Carr proceeded to launch a high fade down the left side of the 16th fairway, then halved the hole with a par. At the par-5 17th, where a number of matches have been decided this week, he hit another mammoth tee shot down the left side that left him with a prime opportunity to reach the green in two. Price, who found the rough from the tee, had to lay up and found the rough again. Carr ripped a hybrid that came up two paces short of the green, where he cozied up his eagle putt to five feet and he went on to win the hole, and the match, with a conceded birdie.

"To hit that hybrid into 17, and then the touch on that putt, it’s going to help me sleep a little better tonight," Carr said.

“It’s awesome," Wilcox said of advancing to the semifinals. "I’ve known Ben for four years now, since he was 18 and he just graduated high school. During COVID we were playing golf like five times a week, became really good friends then. We were good friends from the first time I played with him, I just happened to move to his hometown, Columbus, Georgia." 

It helped, too, that Wilcox was planning to be in the New York Metropolitan area this month anyway for a Rage Against the Machine concert at Madison Square Garden ("Unbelievable, my neck's recovered now. Two days ago it was a little stiff," he says).
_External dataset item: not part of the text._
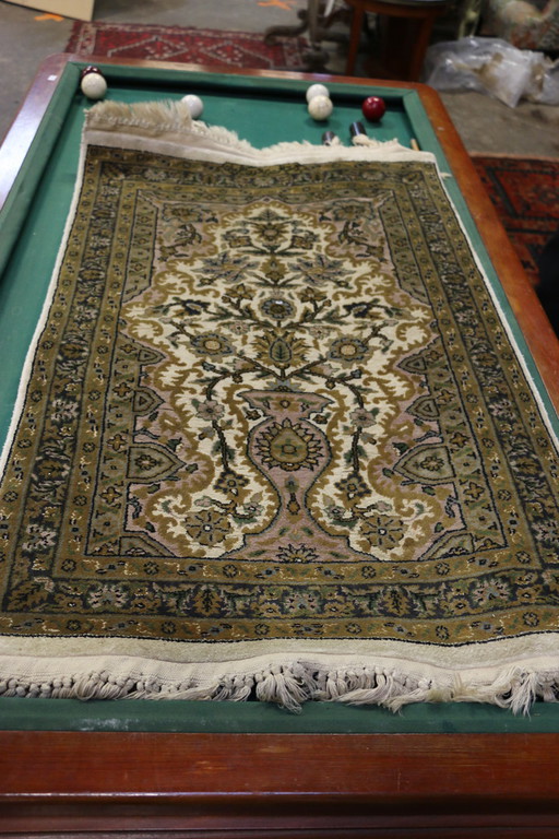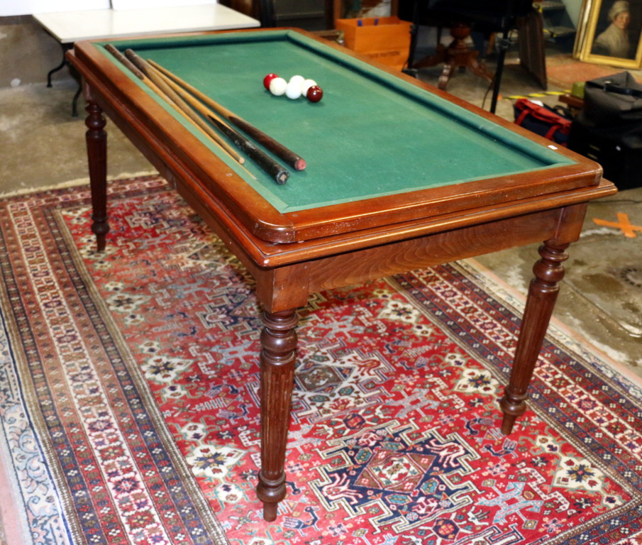 393 | Petit billard français cadre en chène et 4 pieds rainurés. H : 80 x 159 x 89 cm + accessoires | 150/200 |

Given the results so far, though, this duo might want to make this more than a one-time thing. 

"He's incredible," Wilcox said. "At the start, we were just like, oh man, it’d be so cool to get to match play, because this only his third USGA event. We were just, like, match play would be dope. To make the semis, four people left, pretty sick. But he’s ranked 70th in the world, so he’s no slouch."

He's certainly not. Last July, Carr won his second Southeastern Amateur in his hometown, setting a tournament scoring record with a 21-under-par total over 54 holes. In his fourth season at Georgia Southern, he placed inside the top eight in nine of the 12 events he played in. 
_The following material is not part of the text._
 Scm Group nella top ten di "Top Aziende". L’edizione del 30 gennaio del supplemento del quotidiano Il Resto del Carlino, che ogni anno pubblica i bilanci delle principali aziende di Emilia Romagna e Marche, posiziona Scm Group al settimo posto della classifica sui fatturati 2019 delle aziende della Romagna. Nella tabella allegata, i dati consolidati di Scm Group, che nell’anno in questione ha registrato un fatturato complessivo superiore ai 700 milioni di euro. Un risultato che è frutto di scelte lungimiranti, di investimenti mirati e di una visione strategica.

Now, he has a chance at the biggest win of his life, though just getting this far is an incredible accomplishment on its own. Carr, your typically extremely polite Southern kid, isn't worried about all that, though. It's just him and Willy vs. Ridgewood. 

"We just had so much fun out there," Carr said. "Two guys from Alabama and Georgia, just up here in New Jersey, almost like a foreign country, just having a good time on the golf course." 
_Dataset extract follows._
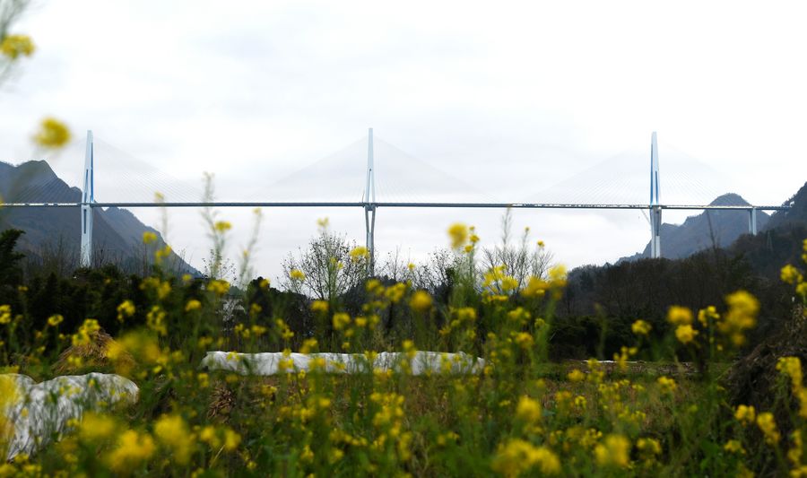 Located in Bouyei-Miao Autonomous Prefecture of Qiannan, the bridge, a colossal cable-supported viaduct that spans 2,135 meters across a canyon, will serve as a major connection on the Pingtang-Luodian Expressway.

Wilcox is plenty excited, too, especially with the fact he can just sit back, watch, carry the bag and impart any other knowledge he's banked from a life of grinding on the golf course. 

"No, no, no," Wilcox said when asked if he wishes he was hitting the shots. "I’m really happy to be watching him flush, because he’s hitting it so good and then he makes putts when it matters. It’s just been one of those special weeks."